In their management of marital relations and of child-rearing, as in their treatment of slander, the colonial courts sought primarily to maintain public order. More concerned with preserving the stability of the family than with worrying about the autonomy or happiness of the individuals who comprised it, they were willing to enforce the marriage of fornicators, for example, or to require that separated partners return home and live peaceably together. Like Staves in her account of English law, Wall suggests that colonial officials sought to enforce husbands’ obligation to support their wives lest the abandoned women and children become a charge upon the public. Having been severely whipped for his advances to another woman, one straying New England husband was ordered ‘to allow his wife 2s. per week toward her maintenance, to carry it himself to her, to live with her, as duty binds him, and at least to lodge with her one night a week’. The courts were not so enamoured of the marital unit, however, that they were not ready to sacrifice it to the peace of the community. In 1659 a New Amsterdam couple was charged with fighting, and the wife sentenced to imprisonment for ‘having, in the presence of a respectable company, who were with then wives, hoisted her petticoats up to her back, and shewed them her arse; being an offence not to be tolerated in a well ordered province.’ When a Maryland man wished to woo a young woman over the objections of her parents, the court intervened on behalf of the lovers, presumably because the neighbours supported them. For ‘the Space of Six weekes’, Robert Harwood was to have ‘full free and perfect Liberty (bringing one or more of the Neighbours with him) to have all freedom of discourse with said Elizabeth Gary and to use all faire and Lawfull Endeavours with her to Marry or Contract Marriage ... one or more of the Neighbours being always present ... when they are in Company together.’

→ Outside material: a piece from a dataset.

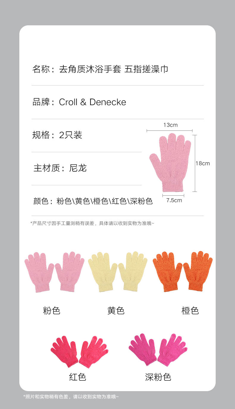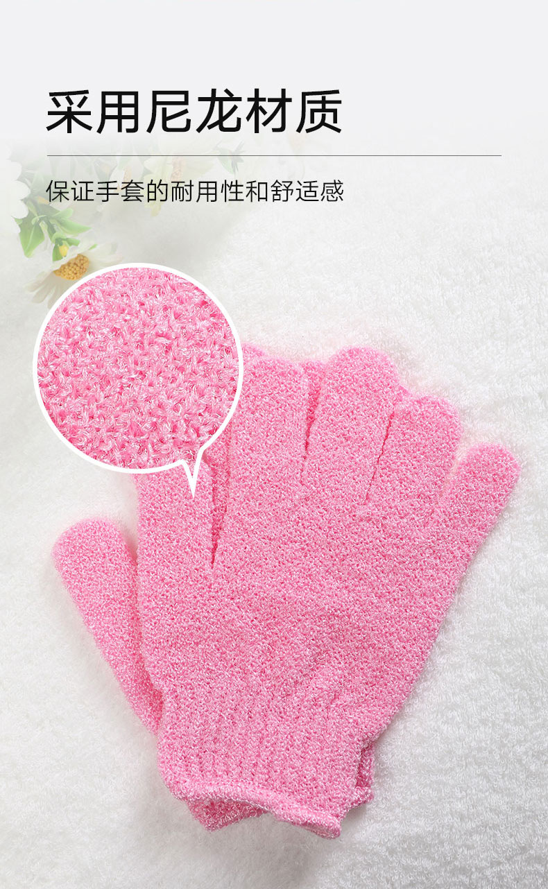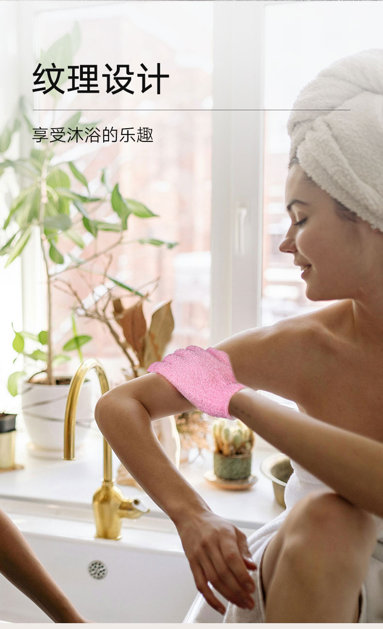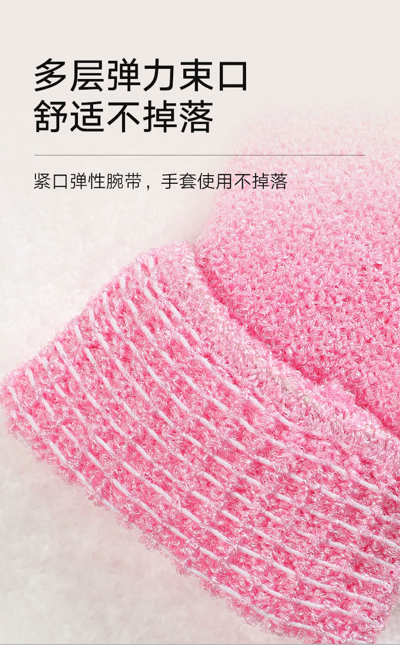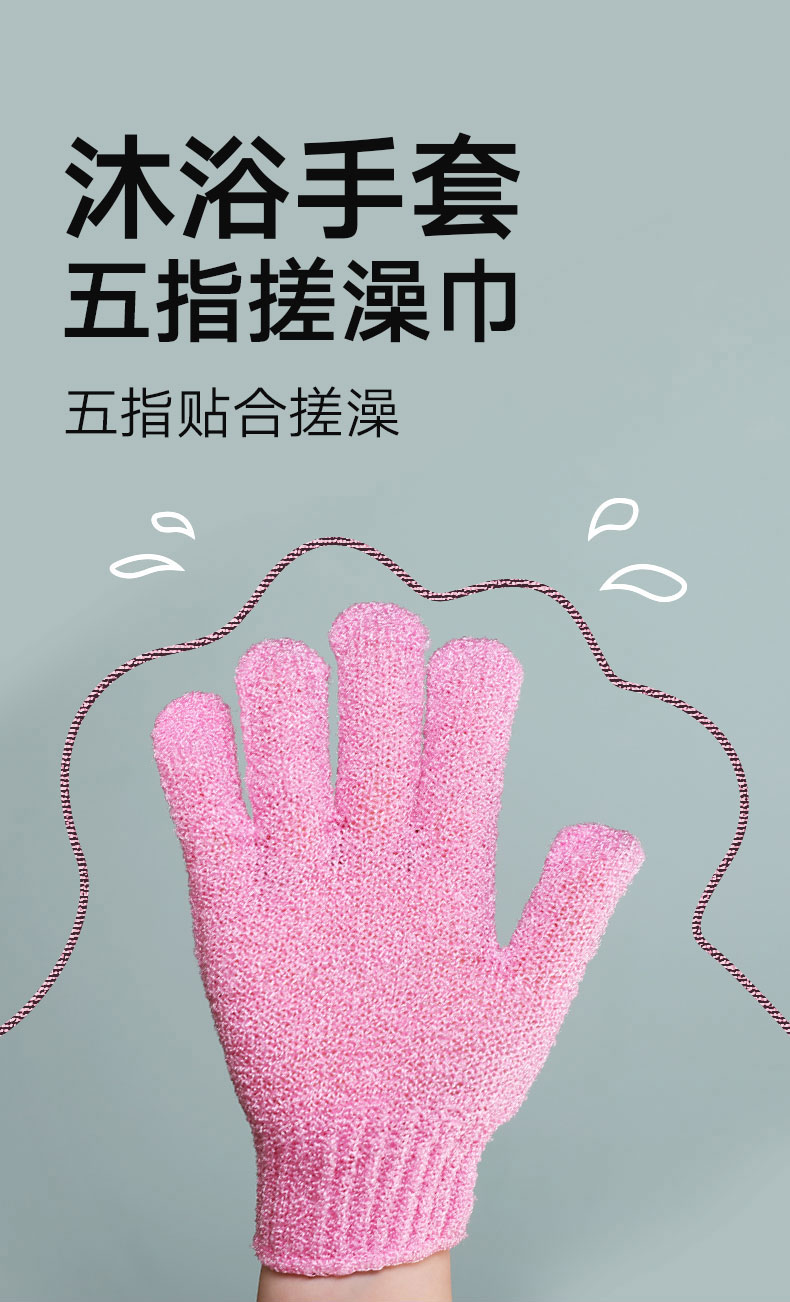 去角质沐浴手套 五指搓澡巾 粉色 2只装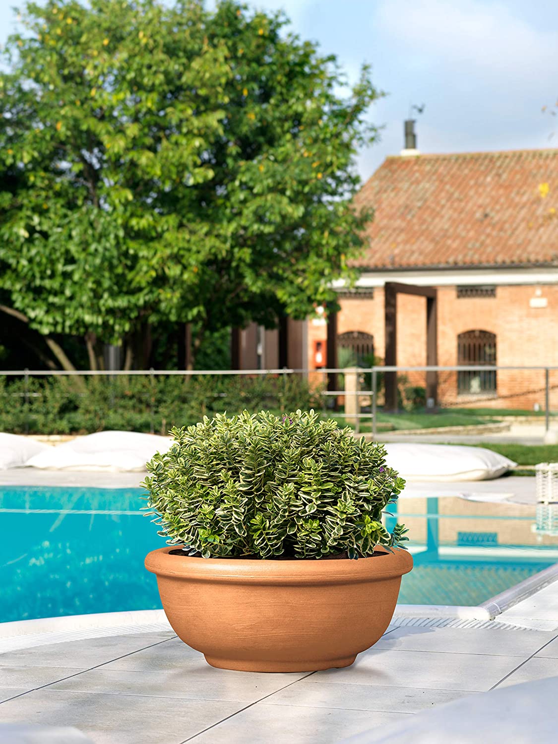 Questo vaso è utilizzabile senza problemi come vaso da terrazzo o da giardino in quanto è resistente ai raggi U.V. e quindi inalterabile nel colore.

By the end of the 18th century, Wall argues, the line between public and private life was growing sharper, and something like Stone’s affective individualism increasingly influenced Americans’ attitudes toward family life. Where colonists once lived with the tension between their feelings as parents and the custom of ‘putting out’ children for care and training in exchange for their labour, by the end of the century, she suggests, that tension was increasingly felt as a contradiction. The general direction of this thesis is hardly startling, though in her very willingness to generalise over all of British North America, Wall deliberately goes against the grain of much recent scholarship, with its emphasis on the colonies’ regional and religious diversity. But Fierce Communion is most valuable for the liveliness and density of its particulars, and for the clarity and wit with which Wall conducts her accounts. She has rounded up a cast of thousands, and they put on an absorbing performance.

[*] Batsford, 1231 pp., £35, 13 September 1990, 0 7134 5848 8.